1437: Hajib Al-Mansur dies in his sleep.
1437: Abd ar-Rahman the Younger succeeds his father as Hajib. His attempt to rein in the power of the merchants ends at knifepoint, and he is replaced by his decadent cousin, Suleyman.
1447: Hajib Suleyman dies after someone tries to treat his gonorrhea with mercury. A succession struggle breaks out following his death.
Feb. 1449: The Asmarid ruler Al-Nasr, at the invitation of the Umayyad Caliph is declared hajib in Isbili. The greater Asmarid Empire of Andalusia and the Maghreb is established.
 
A day to be proud of, at least for all members of the ALMURABITUN GANG.
ALMOHAD GANG is welcome as well.

Amazing update, as usual, which will surely lead to a more exciting future for the TL. Can't wait to see how exactly the Maghreb and al-Andalus are going to be integrated into one singular empire!
 
4] It's been said in a few places that the likeliest way for Al-Andalus to survive would be as the northern element of a greater Berber Empire. You now have that empire. The centre of power in the Asmarid Empire will remain the south of Al-Andalus, but the societal changes in the Maghreb have come home to roost: The Berber ruling class has grown less tribal and more cosmopolitan, Maghrebi society has grown more maritime and centralized, and Andalusi and Berber merchants and families have grown more interwoven.

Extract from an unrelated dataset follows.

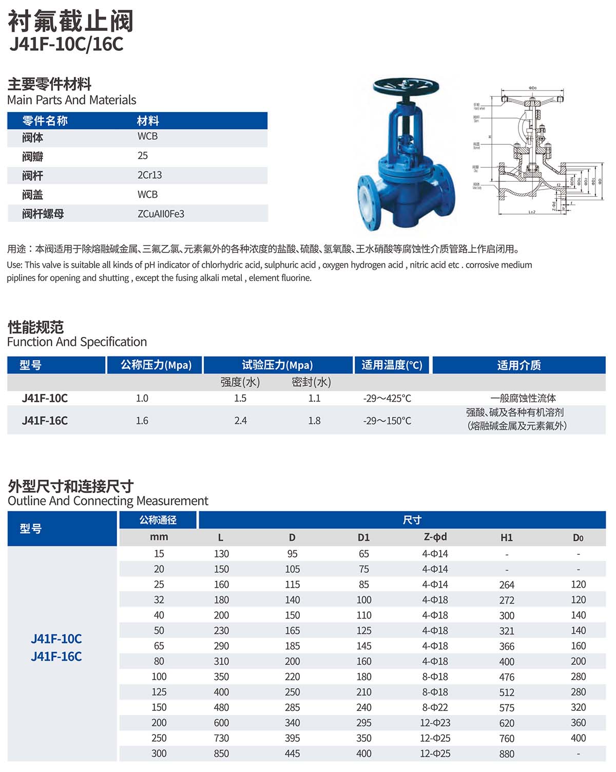 衬氟截止阀 J41F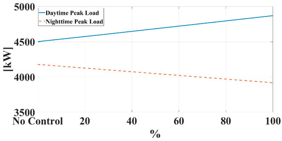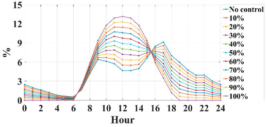 Fourth, the power system operator or local government can control the EV charging load using their own methods, such as the EV purchase support policy or the charging electricity billing systems. Figure 2 shows the daily EV charging patterns. As shown in Figure 2, typical EV charging loads, denoted by “No control”, which is from the advanced research on EV charging loads of the Nordic region [26], vary according to the owner’s life pattern, as the typical daily load. As the control stage increases, the EV charging load pattern becomes similar to the solar power generation pattern. Although the EV charging load patterns are different, there are integral values for the eleven lines in Figure 2, which implies that the total required energy is the same. These charging curves can be calculated as:

Really, Berbers and Andalusis are considered to be two related "Moorish" ethnic groups in this world.
This changes things massively but as you say unify both groups into one and with that population..the new lands in the new world become ripe if andalusia is getting too crowed(but again figthing against santiago terrorist and french might keep it stable) but seems we got a bigger 'europe ends in the pyrrenes' feeling now
 
How can your butterflies change climate?
Because we human with our actions we did change the weather, maybe now is more notorious, but a different battle means more CO2 or deadbodies in place should have not been and that is how the dominoes goes forward
 
How can your butterflies change climate?
United, Maghreb and Andalus are going to be a powerhouse!
The perfect example of such climatic butterflies ITTL were the shorter medieval warm period due to a larger reforestated area after an early Great Plague has killed a large amount of people who would have used that wood IOTL.